Когда они ушли, Арон долго сидел и злился, думая о том, с какой нелепой тщательностью проводят подобные расследования. Документы, свидетели, доказательства — все сплошь препятствия в таком ясном как Божий день деле. Словно и нет миллионов неопровержимых доказательств, словно Лидия не доказательство, словно они не знают, что имеют дело с бандой заговорщиков, в которой, проявляя деликатность и соблюдая какие-то правила из устаревших книг, им не раздобыть ни единого свидетеля. Арон только хотел надеяться, что ему попался случай наособицу и в других местах действуют не столь бестолково и деликатно. Но даже и этот, единственный, случай показался ему чудовищным, он не мог с этим мириться, он скатился вниз по лестнице и позвонил в одну из дверей нижнего этажа. Маленький вахтер открыл ему дверь и улыбнулся как доброму знакомому со словами «ах, это вы». Но Арон схватил его за шиворот и так встряхнул, что вахтер начал задыхаться, безуспешно стараясь высвободиться.

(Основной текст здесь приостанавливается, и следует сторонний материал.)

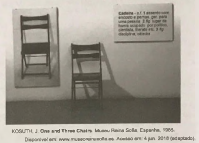 A obra de Joseph Kosuth data de 1965 e se constitui por uma fotografia...
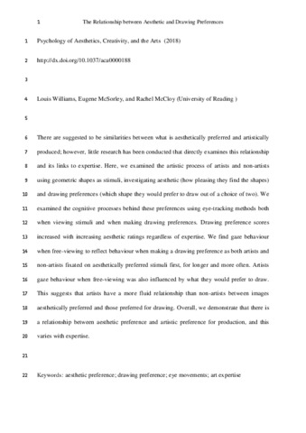 There are suggested to be similarities between what is aesthetically preferred and artistically produced; however, little research has been conducted that directly examines this relationship and its links to expertise. Here, we examined the artistic process of artists and nonartists using geometric shapes as stimuli, investigating aesthetic (how pleasing they find the shapes) and drawing preferences (which shape they would prefer to draw out of a choice of two). We examined the cognitive processes behind these preferences using eye-tracking methods both when viewing stimuli and when making drawing preferences. Drawing preference scores increased with increasing aesthetic ratings regardless of expertise. We find gaze behavior when free-viewing to reflect behavior when making a drawing preference as both artists and nonartists fixated on aesthetically preferred stimuli first, for longer and more often. Artists gaze behavior when free-viewing was also influenced by what they would prefer to draw. This suggests that artists have a more fluid relationship than nonartists between images aesthetically preferred and those preferred for drawing. Overall, we demonstrate that there is a relationship between aesthetic preference and artistic preference for production, and this varies with expertise
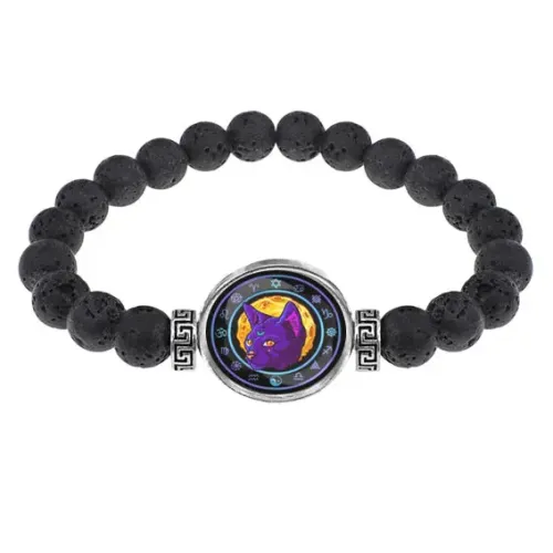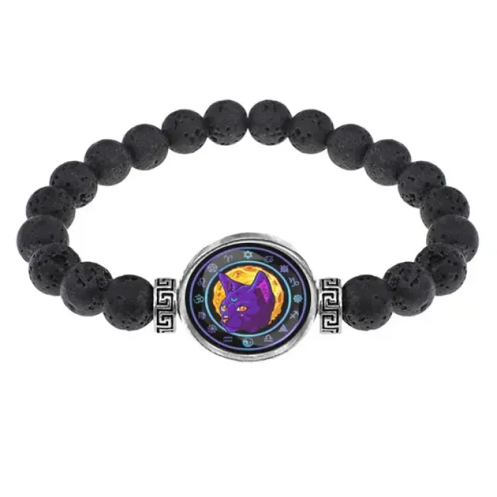 Браслет из лавы 8 мм Лунный кот BSL-0191
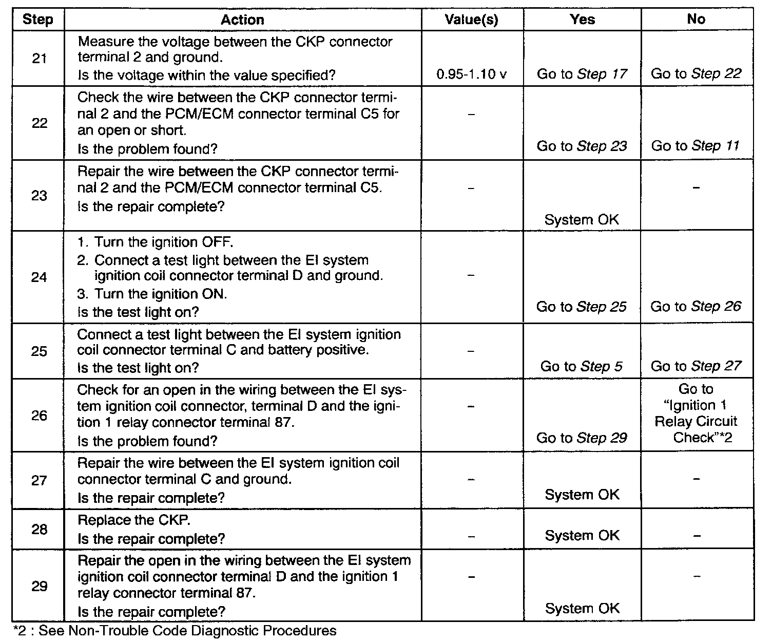 24. This step, along with Step 25, checks for battery voltage and a ground to the EI system ignition coil.
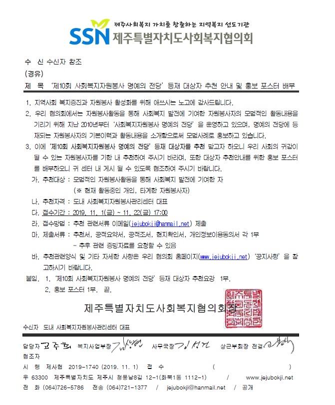 '제10회 사회복지자원봉사 명예의 전당' 등재 대상자 추천 안내
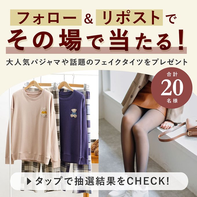 賞品:新作パジャマ、フェイクタイツ、トラベルポーチ(合計20名様)
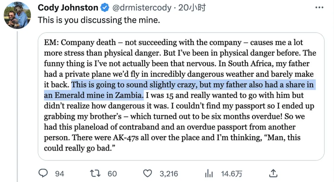 此话一出,Twitter网友都蠢蠢欲动了。有网友直接贴出了马斯克接受《福布斯》采访的截图,说“这就是你当初讨论翡翠矿的证据”。
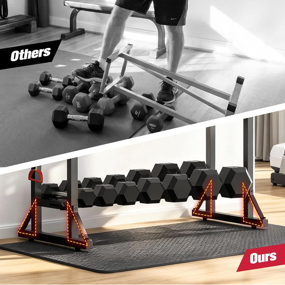 3-Tier Adjustable Dumbbell Rack Stand - Heavy-Duty Carbon Steel Weight Storage Organizer for Home Gym, Easy Assembly
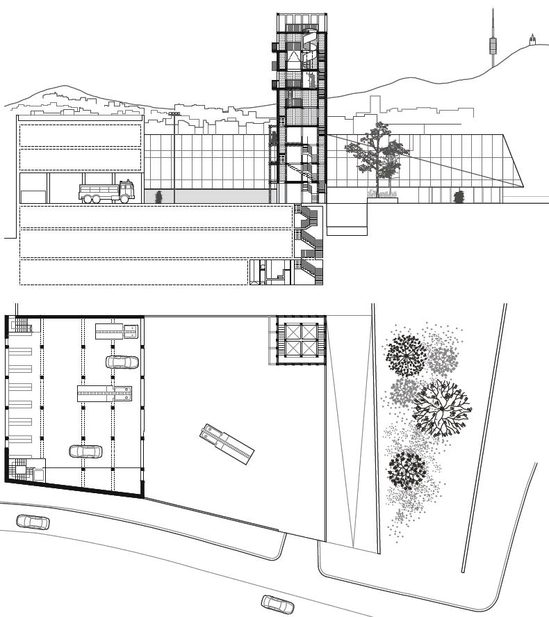 The tower is a free-standing, nine-story high raw concrete and brick structure. It is situated at a corner of the fire station’s grounds, directly across a forecourt from the firefighters’ quarters and garage. One of the tower’s edges abuts the terrain of a large municipal market, from which it is separated only by a narrow sunken laneway, while the other edge borders a ramp that descends to a vast underground parking garage situated beneath both the fire station forecourt as well as the market facility. By virtue of its proximity to its neighbor, the tower appears –architecturally– to belong to the municipal market more than to the fire station, effectively signaling this highly frequented public facility from afar. The only thing missing: a large clock at the very top.
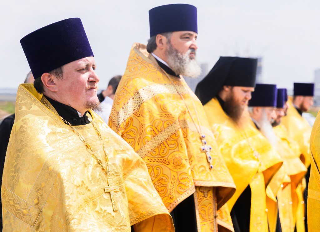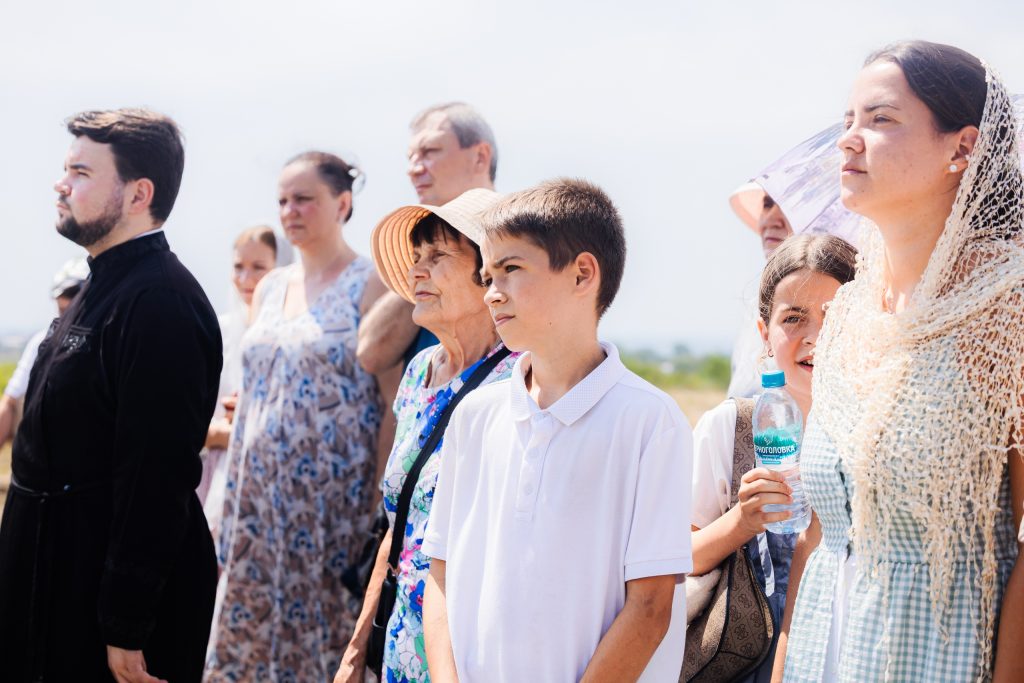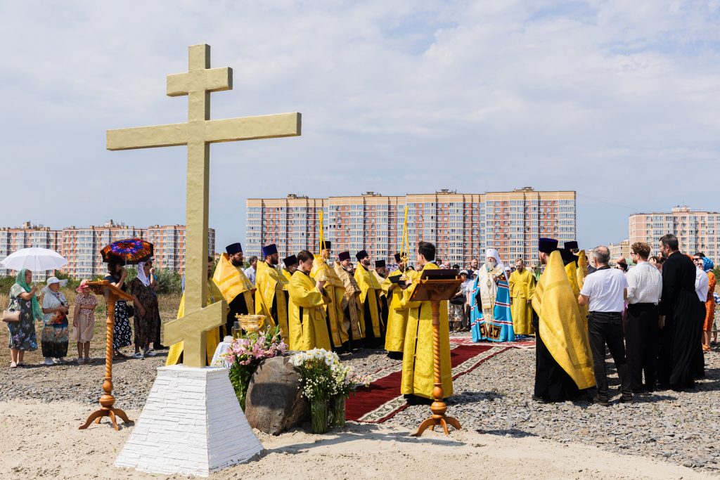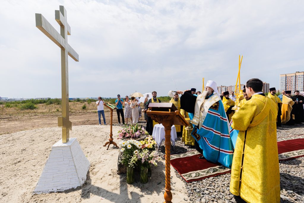 За богослужением молились глава Советского района города Ростова-на-Дону Никита Паремузов и прихожане строящегося храма.
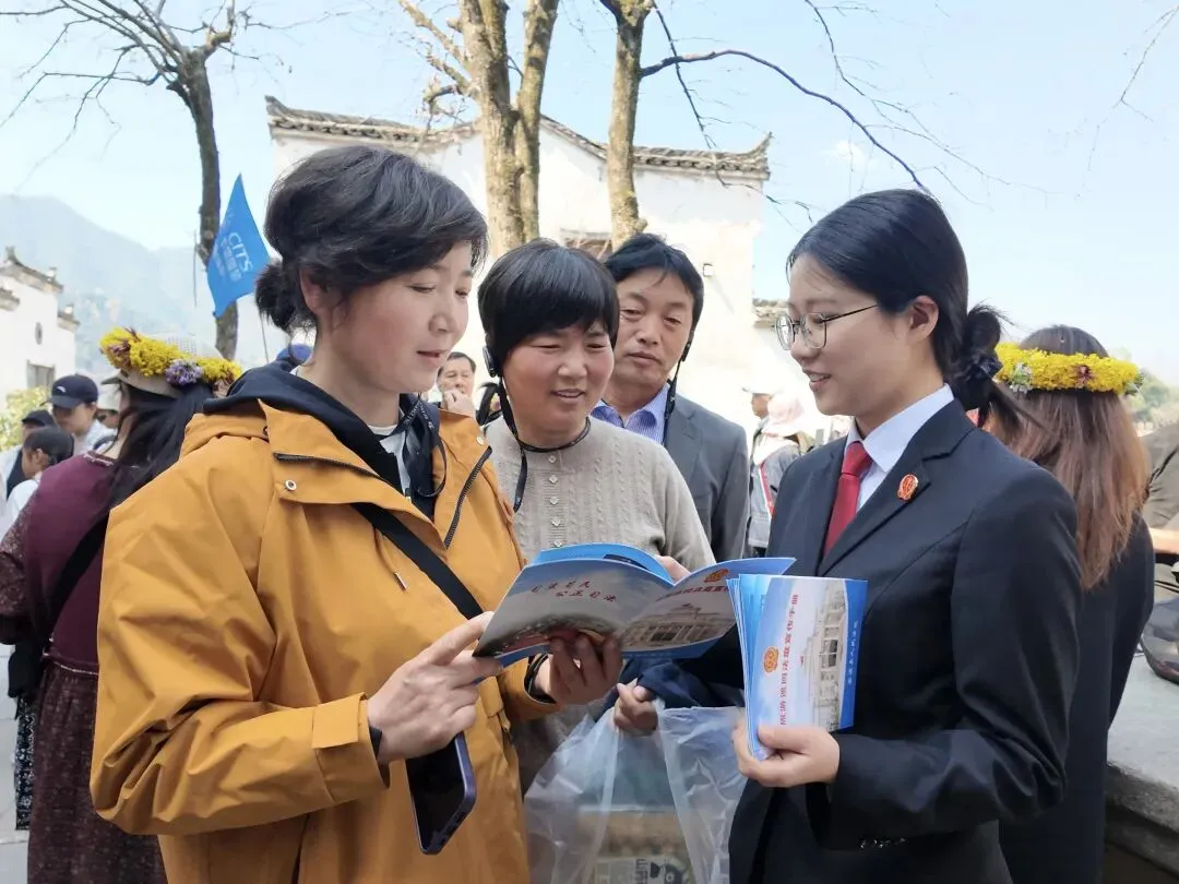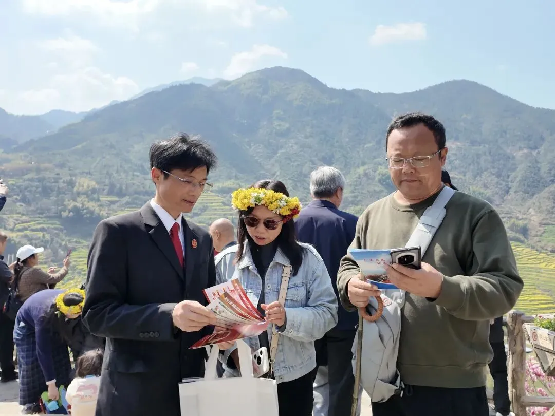 在景区人流密集处,法庭设立法律咨询服务台,干警们向过往游客发放《旅游巡回法庭宣传手册》《民法典宣传手册》等宣传资料200余份,针对游客关心的“意外受伤责任划分”等问题,提供“一对一”法律咨询30余人次,让游客们在欣赏乡村美景的同时,真切感受法治春风的温暖。
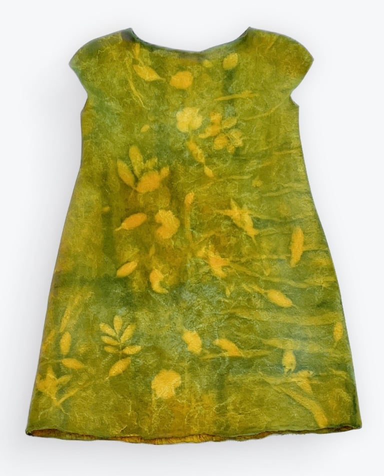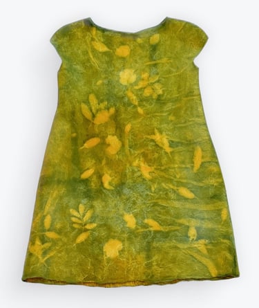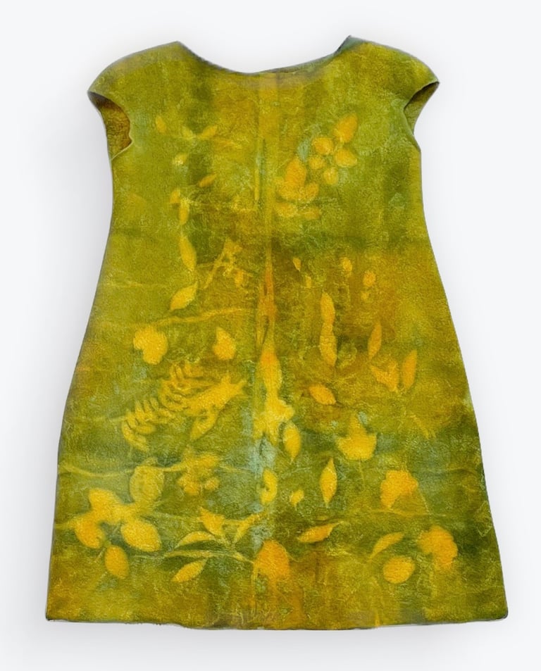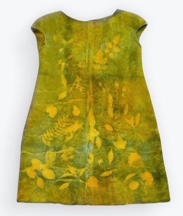 This dress is hand felted using superfine Merino wool and luxurious mulberry silk, lined with Sari silk for added elegance. Hand dyed with care, the dress features unique, nature inspired patterns created using various plant leaves as resist. The rich emerald hues and organic textures evoke the serenity of a lush grove, blending artisanal craftsmanship with the beauty of the natural world.
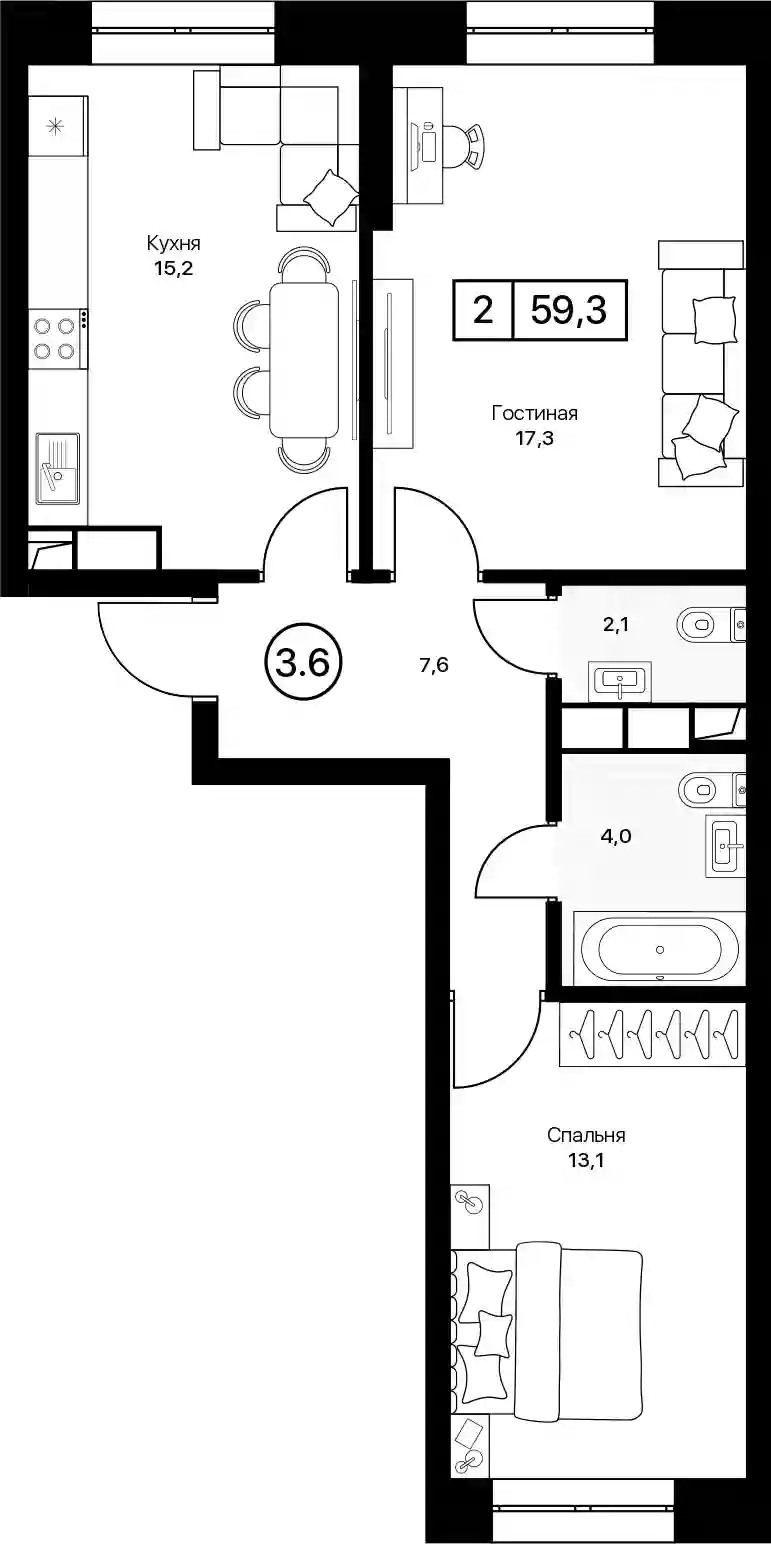 2-к.квартира, 59.3 м², 5 эт. в ЖК Пушкино Град Корпус 2
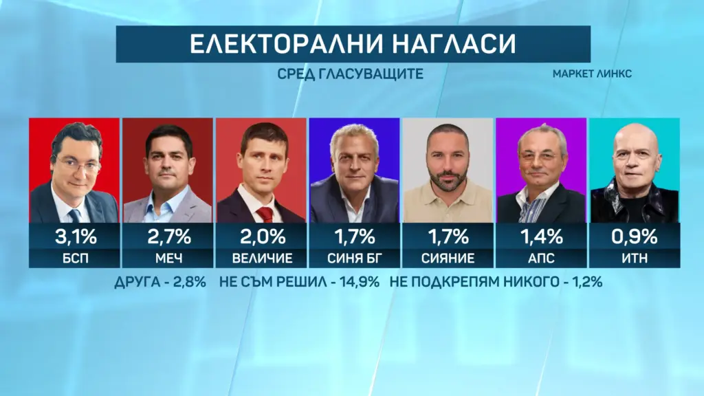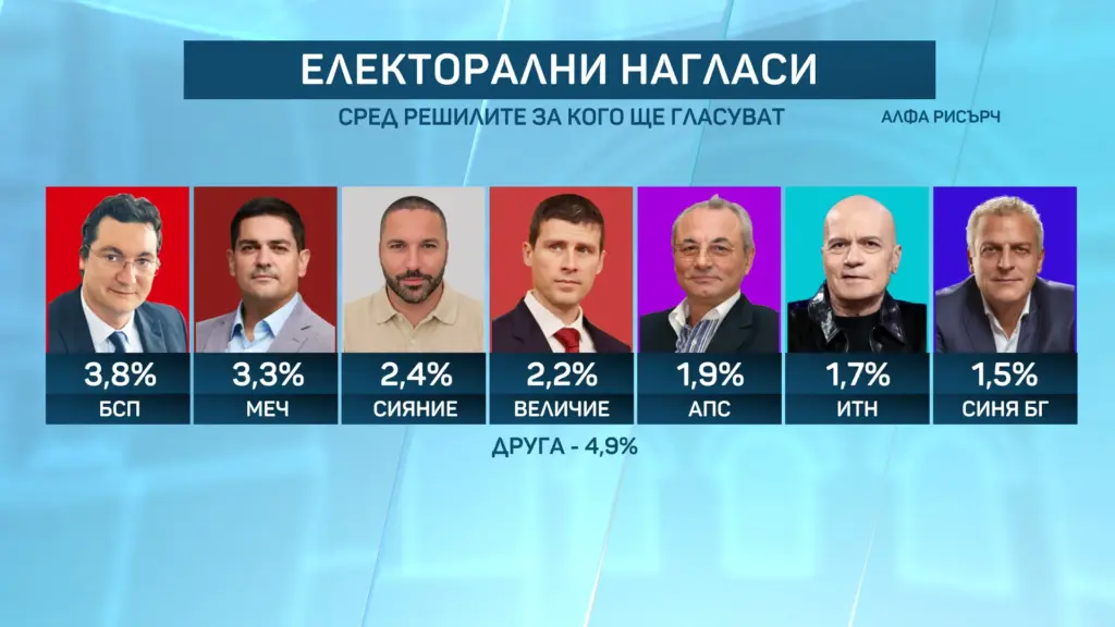 Надпреварата за достигането на 4% е оспорвана. Няколко политически сили имат реален шанс да постигнат резултат, който би им позволил парламентарно представителство. Сред решилите за кого ще гласуват, 3,8% са посочили БСП. МЕЧ има 3,3%.
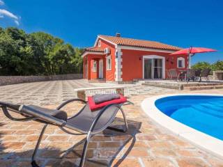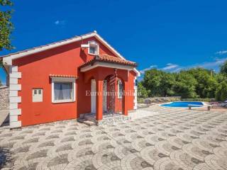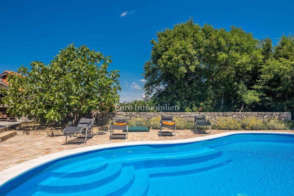 In the center of the island, in a small town in the municipality of Dobrinj, a detached house with a beautifully landscaped garden and a heated pool is for sale.
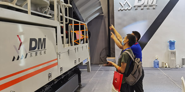 ?在三天展會上,上海東蒙所在的T-57展位可謂是人氣非凡,履帶式移動立軸沖擊破碎站DM-V95也成為全場焦點(diǎn)。該設(shè)備為新一代高效立軸沖擊式破碎機(jī),又俗稱制砂機(jī)或整形機(jī)。廣泛應(yīng)用于砂石料場、攪拌站、干粉砂漿、建筑垃圾破碎等行業(yè),為高速公路、鐵路、建筑、混凝土攪拌站提供優(yōu)質(zhì)砂石骨料。設(shè)備加工成品呈立方體,粒形好、級配合理、細(xì)度模數(shù)可調(diào),特別適合人工制砂和石料整形,吸引了大量現(xiàn)場客戶和專業(yè)觀眾駐足流連。
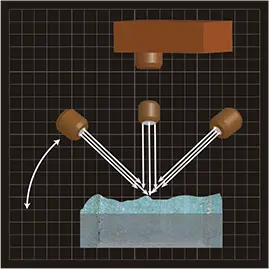 The topography values and the visual impression are not only measured but are also transformed by an analysis tool into various roughness parameters with standard deviation values. All measurements and calculations are carried out via interaction of the measuring head and the notebook, in which data storage, evaluation and analysis take place. Data can also be exported to other programs for further calculation.
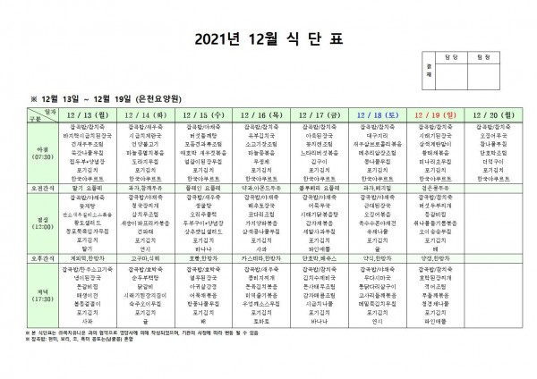 12월 셋째주 식단표 페이지 정보 작성자 은천노인복지회 작성일21-12-15 11:52 조회123,183회 댓글0건 관련링크 이전글 다음글 목록 답변 본문 . 이전글 다음글 목록 답변

— Выслушайте меня хорошенько, — сказал Арон, — если вы сию же секунду не пойдете и не расскажете все, что вам известно про Лейтвейна, я на вас заявлю. Уж можете мне поверить, вы у меня сядете.
Вахтер не отвечал ни слова, то ли из страха, то ли потому, что воротник тесно сдавил ему горло, он только смотрел выкатившимися глазами и не сопротивлялся.
Арон сказал:
— И чтоб немедленно. Вы меня поняли?
Вахтер кивнул. Арон выпустил его воротник, проследил, как тот надевает куртку, единственный башмак и выходит из дому.
— Стало быть, ты надумал заменить полицию?
— Почему ты спрашиваешь таким тоном, будто не согласен со мной?
Я начал решительно возражать и объяснил, что, если буду со всем соглашаться, от этого не будет толку ни мне, ни ему. Я сказал:
— Мне просто хочется понять смысл события, при котором я не присутствовал. Как еще можно истолковать мой вопрос?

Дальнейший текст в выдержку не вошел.